# what else



## marshhunter (Mar 20, 2008)

if i bought this to put on an old bow
http://www.cabelas.com/cabelas/en/t...en/common/search/search-box.jsp.form23&Go.x=0

what else would i need to start bowfishing?


----------



## Jasmillertime (Mar 23, 2010)

a boat...that has everything you need


----------



## RATLTRAP (Sep 16, 2009)

That's it. You ready to go bust em!!!


----------



## RATLTRAP (Sep 16, 2009)

Check Backwater Bowfishing. It is probably cheaper there.


----------



## Fishin' Soldier (Dec 25, 2007)

How much do you plan on bowhunting. If you plan on shooting BIG fish then you might need a float system. I do not have one but wished I did a few times. Those AMS retrievers are bad arse. The sliding technique on the arrow makes it safer then tying directly to your arrow.
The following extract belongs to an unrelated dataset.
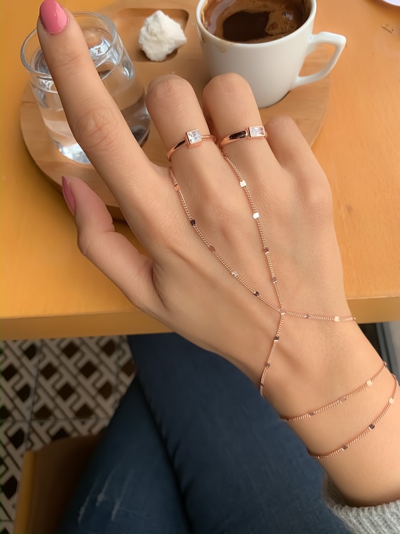 Hand Chain Slave Adjustable Bracelet Jewelery 925 Silver 14K Etsy
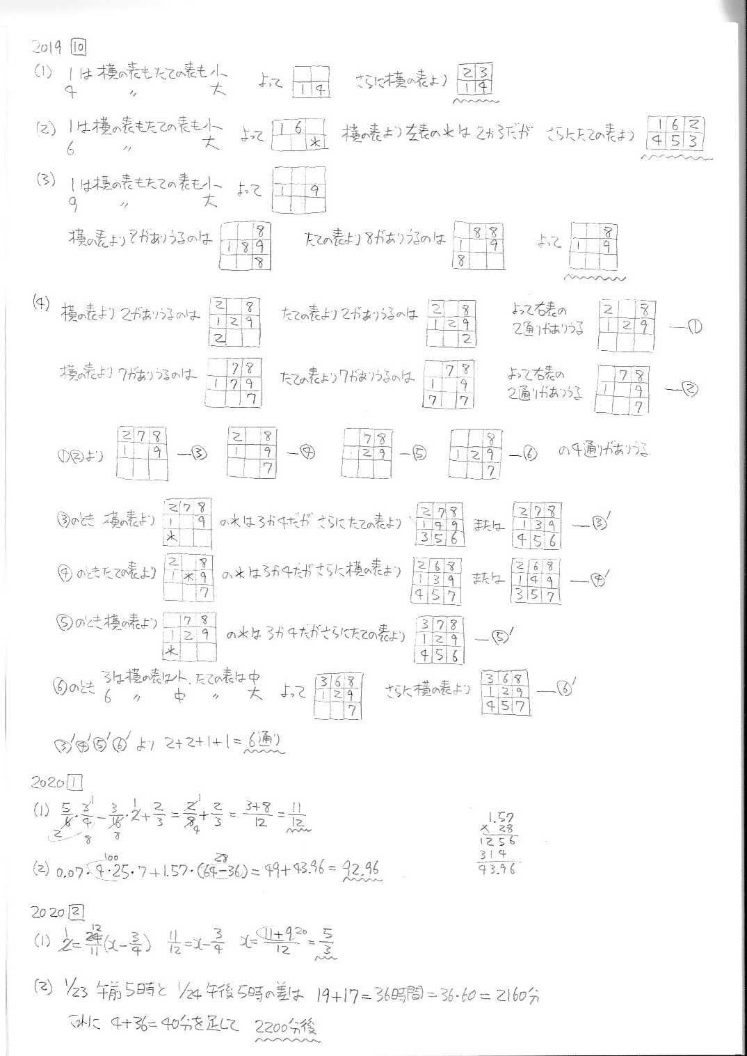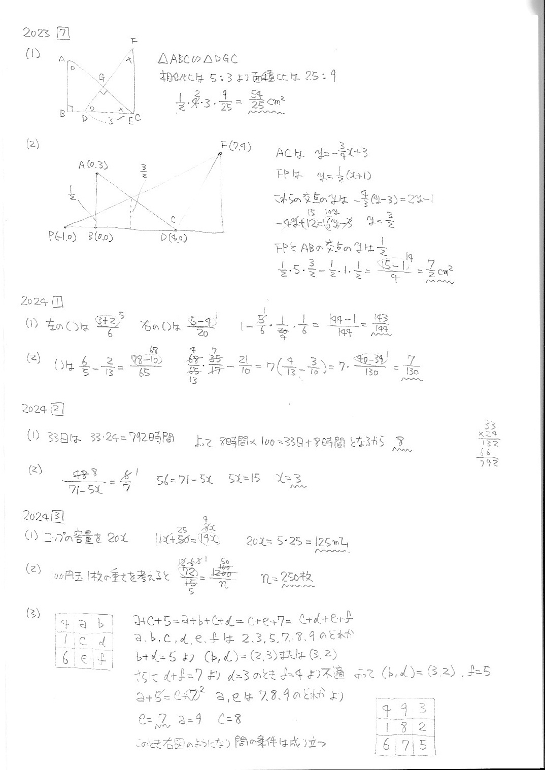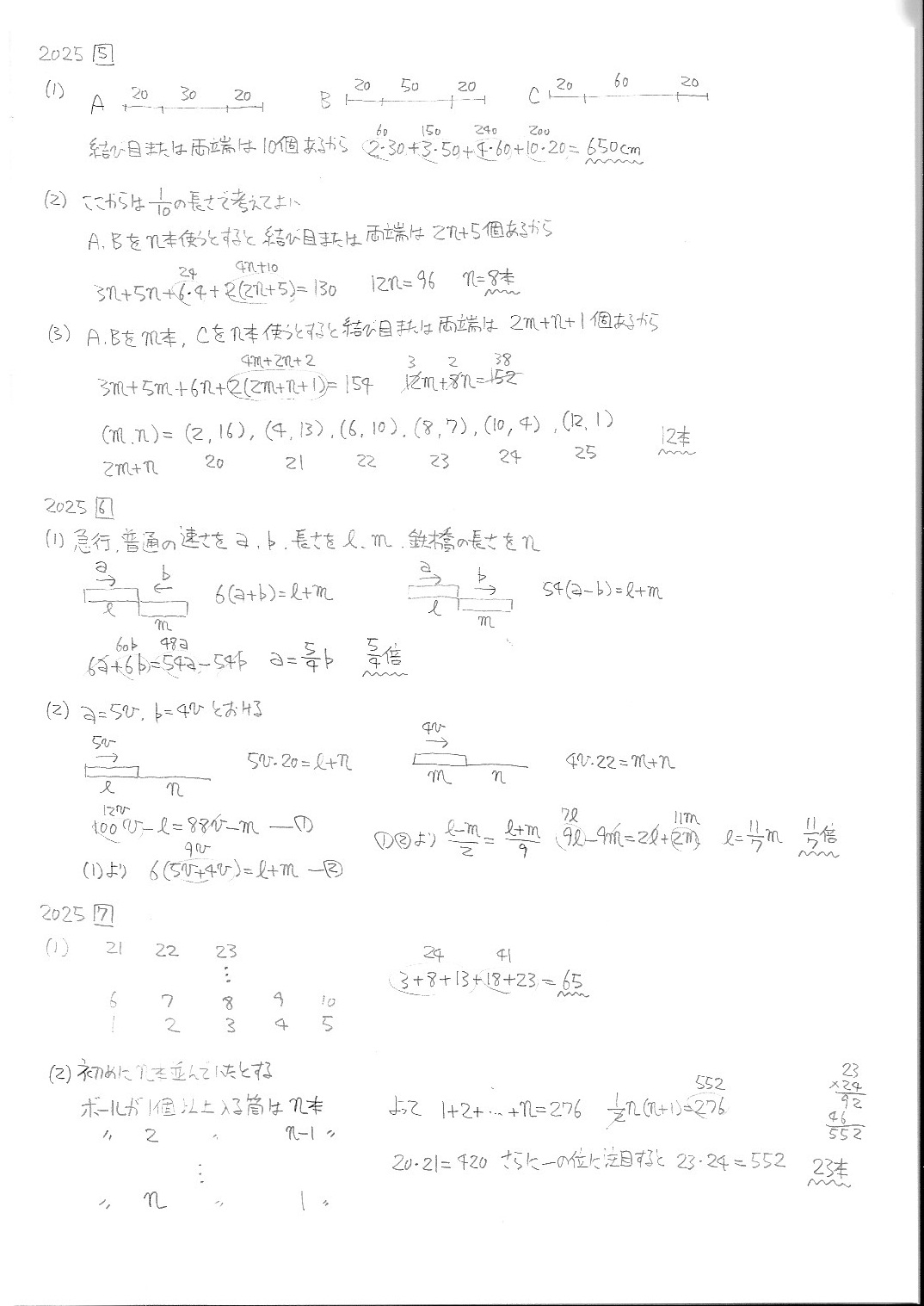 智辯学園和歌山中学校・前期・算数・2019年〜2025年

I am not a professional by any means but have been bowfishing for about 12 years now. I even started out shooting gar in the gulley behind the house with no reel just an aluminum arrow. After we shot them we would have to go in after them. Water only about 2-3 foot deep.


----------



## bowfishrp (Apr 5, 2007)

Man Soldier it sounds like we lived next door to each other except I shot them with cedar arrows and then chased them around the creek to get my arrow back!

Retrievers are very good reels that will never break...ever. The best thing about them is that you dont have to remember to push a button. They make kits for them to turn the reels into slotted sides so you can add a float and go after bigger fish.

Go find some water and shoot some fish. Most of us started out wade fishing but if yoiu have a boat or can catch a ride with a bowfisherman that is best. Nighttime is the right time because you see 100 times as many fish, but I have shot plenty in the day too.

I would offer you a ride but I sold my boat and my new one is still on the shop floor getting built....not a good time of the year to be working on your boat!


----------



## marshhunter (Mar 20, 2008)

i have another question...where does the retriever mount on the bow?? does it use the holes for the sight?


----------



## T3xasb0y89 (Mar 29, 2010)

yes sir it does


----------



## marshhunter (Mar 20, 2008)

well i went and picked it up yesterday...it all fit perfect...so now if anybody has an open spot or would like someone to go with them...send me a pm!


----------